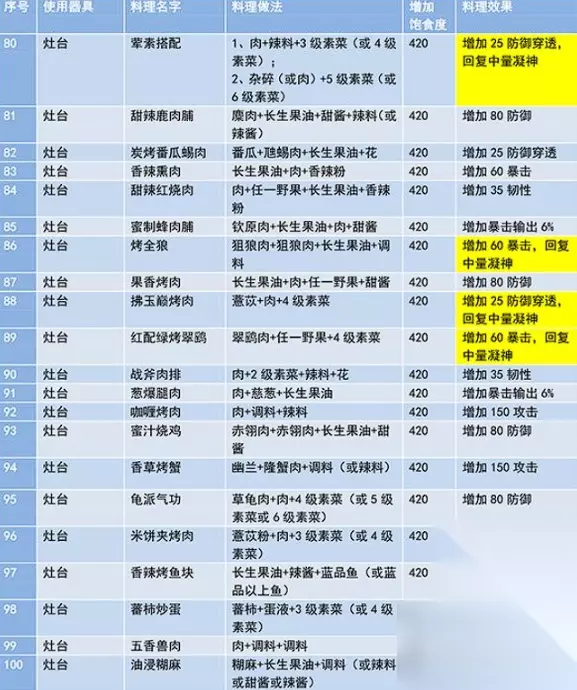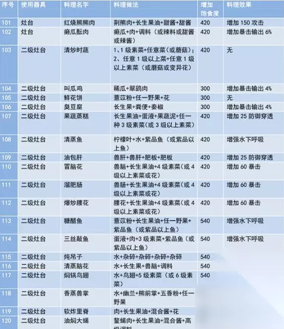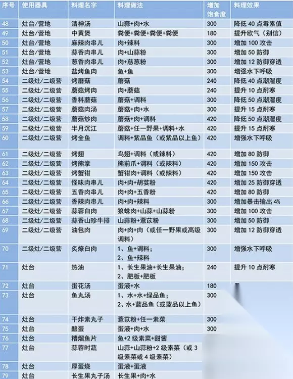 五、野营烧烤配方公式: 1、任意一种肉2个直接烤=碳烤肉串。 2、鹿肉2个=烤鹿肉。 3、小兽肉2个=小块烤肉/烤兔肉/烤蛙腿随机出。 4、任意蔬菜2个=碳烤素串。 5、水马肉2个+秦椒粉=麻辣肉串。 6、钦原肉2个+山蒜粉=蒜味肉串。 7、孟极肉2个+慈葱粉=葱味肉串。 8、骏禄肉2个+五香粉=五香肉串。 9、庞猪肉2个+香辣粉=辣味肉串。 10、彘肉2个+胡荽粉=怪味肉串。
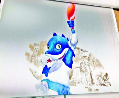 圖為:黃春萍為慶祝武漢軍運(yùn)會(huì)創(chuàng)作的《兵兵》
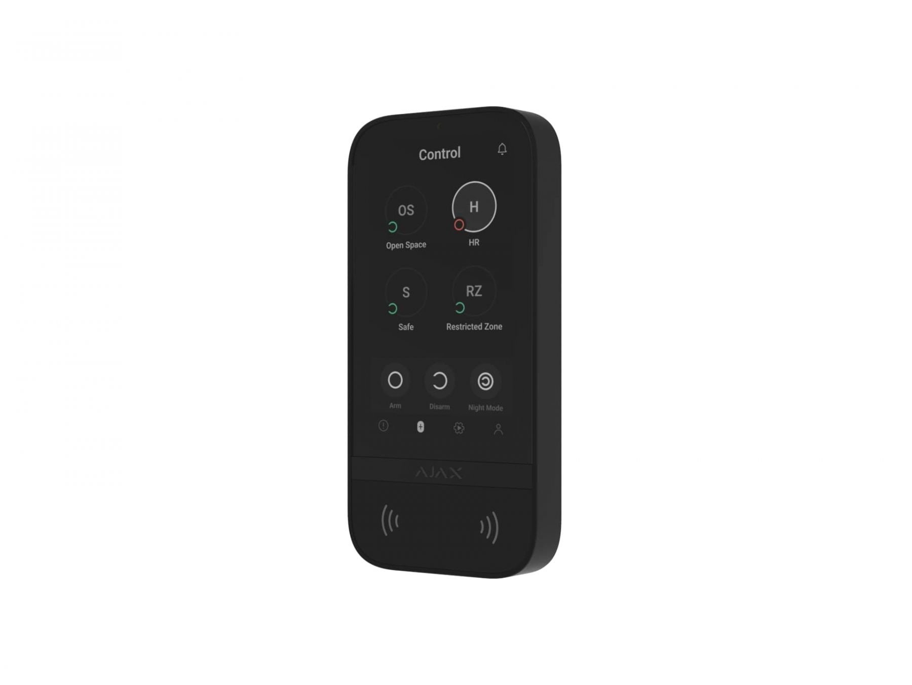 Ajax KeyPad TouchScreen є бездротовою клавіатурою з сенсорним екраном для управління системою безпеки Ajax. Вона підтримує радіопротоколи Jeweller та Wings. Сенсорний екран є ємнісним і має діагональ 5 дюймів з роздільною здатністю 480 × 854 пікселів. Клавіатура дозволяє безконтактний доступ за допомогою карток і брелоків, а також підтримує Bluetooth low energy (BLE). Живиться від 6 батарейок типу AA, а також може працювати від зовнішнього джерела живлення напругою 10,5–14 В і струмом до 0,5 А. Розміри клавіатури становлять 171,5 × 82,1 × 26 мм, вага - 327 г.
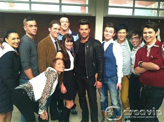 O cantor Ricky Martin postou uma foto no Twitter com o elenco de “Glee” nesta sexta.
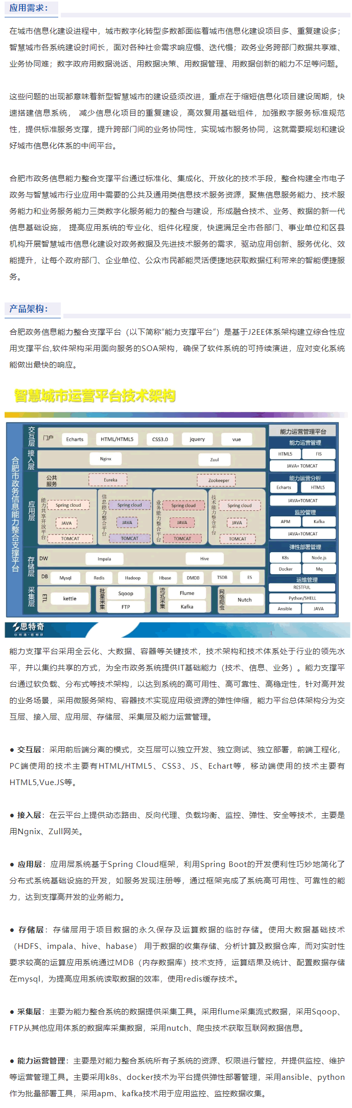 合肥市政務信息能力整合支撐平臺已經建成集中面向全市智慧城市各類行業應用的信息、業務、技術服務資源的統一運營管控平臺,支撐各類城市信息技術資源共享利用,整合和新建各類信息技術服務資源,建立統籌推進、共建共享的數字化服務支撐體系。目前已完成包括一碼通域、智慧人才、不動產登記在內的18類應用的快速支撐。
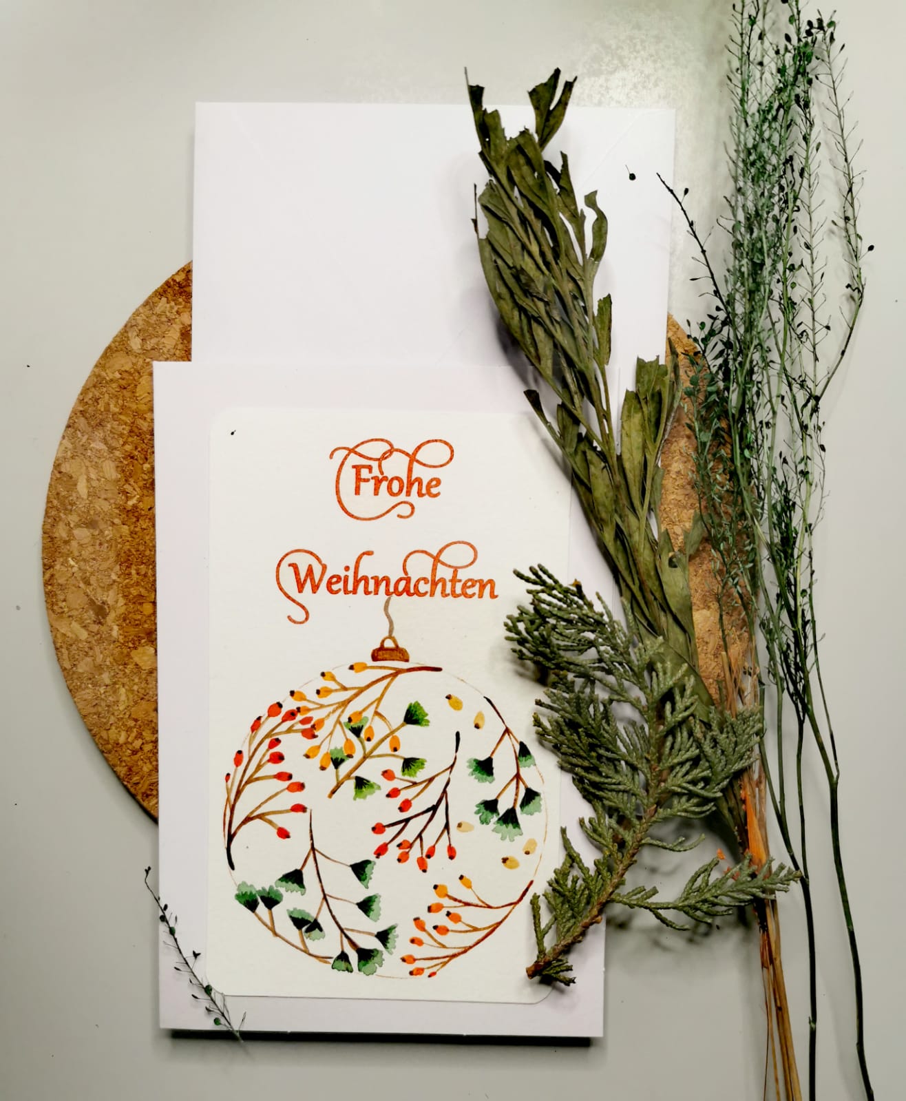 Jede Grußkarte ist handgemacht und wird einschließlich Umschlag in einer Schutzfolie versendet.
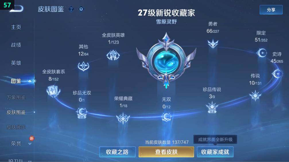 安卓WX-V7-最强王者段位-124英雄-137皮肤-1典藏皮肤-3珍品传说-10传说-45史诗
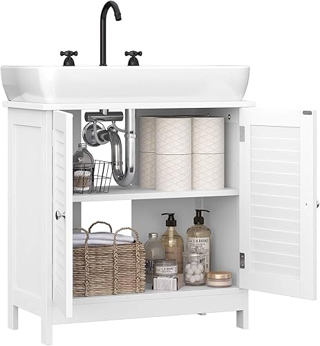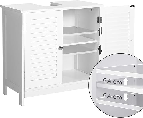 VASAGLE Meuble sous lavabo, Meuble de Salle de Bain, Placard de Rangement, 60 x 30 x 60 cm, avec 2 Portes persiennes, Planche réglable, poignées, Style Nordique scandinave, Blanc Mat BBC05WT

------

**WHAT TO PRODUCE**
Although pictures appear among the records above, none are to be output; print exactly the lines from the line containing "O cantor Ricky" through the line containing "安卓WX-V7-最强王者段位".

**ANSWER SPACE**
 O cantor Ricky Martin postou uma foto no Twitter com o elenco de “Glee” nesta sexta.
 合肥市政務信息能力整合支撐平臺已經建成集中面向全市智慧城市各類行業應用的信息、業務、技術服務資源的統一運營管控平臺,支撐各類城市信息技術資源共享利用,整合和新建各類信息技術服務資源,建立統籌推進、共建共享的數字化服務支撐體系。目前已完成包括一碼通域、智慧人才、不動產登記在內的18類應用的快速支撐。
 Jede Grußkarte ist handgemacht und wird einschließlich Umschlag in einer Schutzfolie versendet.
 安卓WX-V7-最强王者段位-124英雄-137皮肤-1典藏皮肤-3珍品传说-10传说-45史诗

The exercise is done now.